Edith Lesley
Edith Lesley Wolfard, founder of Lesley University, was born January 27, 1872 in Panama, then known as New Grenada, and died May 16, 1953 in Boston, Massachusetts. She was the elder daughter of Alonzo and Rebecca (Cousens) Lesley.
The Lesleys moved to Bangor, Maine about 1874; Alonzo Lesley had grown up in nearby Carmel, Maine and Rebecca Lesley was from Trenton, Maine. Alonzo Lesley worked as a shoemaker, while Rebecca Lesley took in boarders, at the family's rented homes at 7 Adams Street; No. 1 One Broadway; and 112 State St. Edith's sister Olive May Lesley was born in December, 1875 in Bangor.
Edith Lesley graduated from the public elementary schools of Bangor. She studied privately for two years with Bangor educator Helen L. Newman. In 1890 the Lesley family moved briefly to Boston, before settling permanently in Cambridge, Mass. Alonzo Lesley continued to work as a shoemaker. At some time in the 1890s, Edith Lesley received training in kindergarten education at the Anne L. Page Kindergarten School in Boston, following the precepts of Friedrich Wilhelm August Froebel, widely credited as the inventor of the kindergarten.
In 1897 she was hired as the assistant kindergarten teacher at the Riverside School, Cambridge. Her sister Olive joined her there the next year. Later both would move to the Houghton School, which replaced the Riverside (and which was replaced in turn by the present-day Martin Luther King, Jr. School).
Between 1904 and 1908 Edith Lesley attended Radcliffe College as a special student, studying philosophy with Josiah Royce, Hugo Munsterberg, and George Herbert Palmer. She may have taken these classes to prepare to open her school.
In 1909 Edith Lesley founded The Lesley School, called in its early years The Lesley Normal School. The term "normal" is based on the French école normale supérieure, a school to educate teachers. The primary purpose of the school was to train young women in kindergarten education. The school enrolled nine students and charged $100 in tuition. Several of the classes were taught by Edith and Olive Lesley, with part-time instructors to teach specialty classes.

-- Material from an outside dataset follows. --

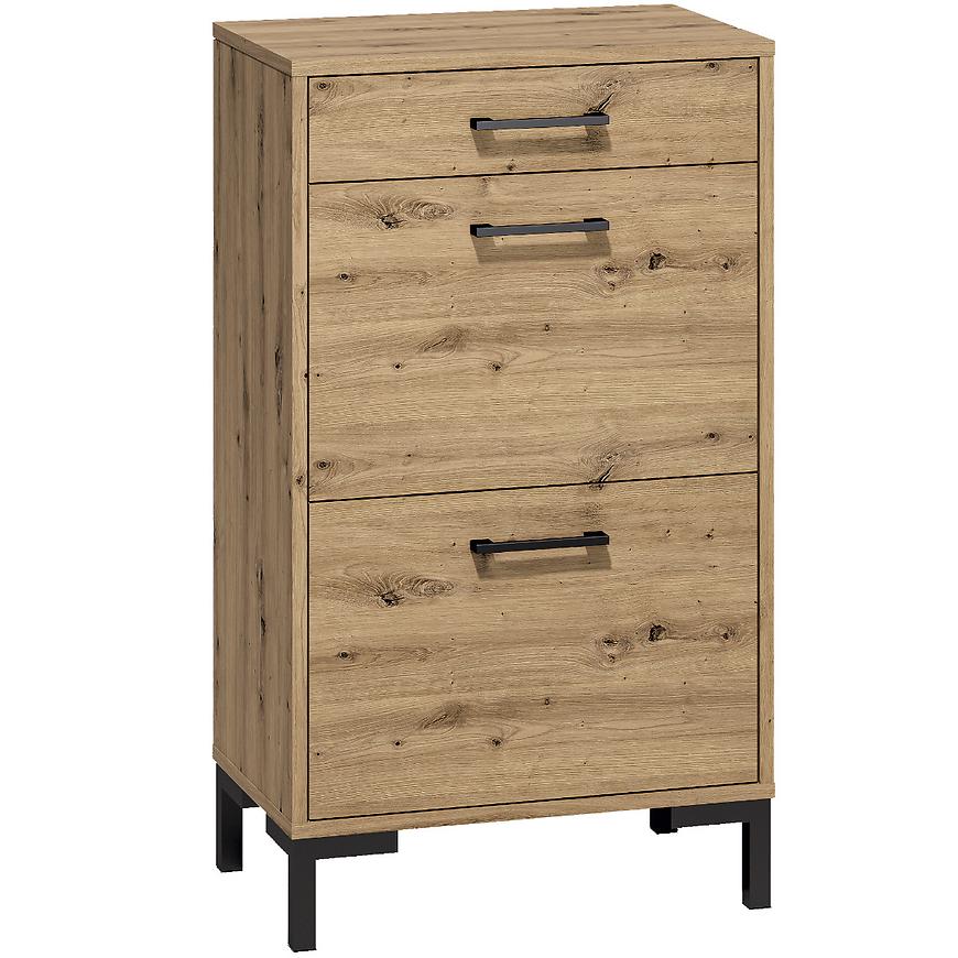Jasne drewnopodobne wybarwienie, zarówno korpusu, jak i frontów w kolorze dąb artisan, nadaje meblowi naturalnego i ciepłego charakteru. Konstrukcja oparta na płycie wiórowej laminowanej gwarantuje trwałość i solidność, co sprawia, że garderoba jest gotowa sprostać codziennym wymaganiom.

By 1912 Edith Lesley resigned from her teaching job to devote her full attention to The Lesley School. The school added training for the early primary grades, and in 1917 opened a Household Arts department, which continued until the 1940s. Enrollment grew rapidly in the 1920s, peaking at well over 300 students.
In 1912 Edith Lesley married Merl Ruskin Wolfard, an engineer and graduate of the Lawrence Scientific School at Harvard. Merl Wolfard was a silent partner in the business of the school, buying several of the properties that became dormitories. Olive Lesley left the school in about 1915. She had worked for several summers with Wilfred Grenfell in his mission at Labrador. She volunteered for war relief work in France and after the war remained in Europe for the balance of her life.
Edith Lesley Wolfard purchased the 29 Everett Street house her family had long rented in 1915, turning it into the headquarters of The Lesley School. A few years later the Wolfards added a one-story brick addition to 29 Everett St. for classes and student boarding (later added to and now known as Stebbins Hall). In 1928-29 the school was rebuilt with a garden and quadrangle between Everett and Mellen Streets, giving the residential campus the form it still has today.
Edith Lesley Wolfard hired Getrude Malloch, a Boston kindergarten teacher, in 1914 as an instructor in methods courses. Miss Malloch rapidly moved into administration as well as continuing to teach, and frequently accompanied Mrs. Wolfard in her travels and professional work on behalf of kindergarten education.
The Lesley School gained a reputation for solid teacher preparation focused on extensive experience. Graduates readily found employment across the state as well as in other regions of the country. The school's leaders and faculty kept up with changes in teacher education, adding a three-year course, more liberal arts, and refining pedagogic methods. Edith Lesley Wolfard continued to set the general direction of the school; Gertrude Malloch, as Associate Principal and later Principal, was the de facto head of school.
Enrollments declined in the mid-1930s as a result of the Great Depression, while Edith Lesley Wolfard began to struggle with chronic illness. In 1938 she received an honorary master's degree from Suffolk University, which marked the end of the Lesley School as a proprietary institution.
The Wolfards created a trust and attempted to run the Lesley School on this basis from 1938 until 1940. The school incorporated in 1941 as a non-profit institution, and petitioned to be able offer the bachelor's degree. This petition was granted in 1943. In 1944 The Lesley School officially became Lesley College.
Edith Lesley Wolfard remained a trustee until 1947. The Wolfards continued to live at 29 Everett Street until Edith Lesley Wolfard's death in 1953. Merl Wolfard remained a corporator at the college until his death in 1964. They had no children.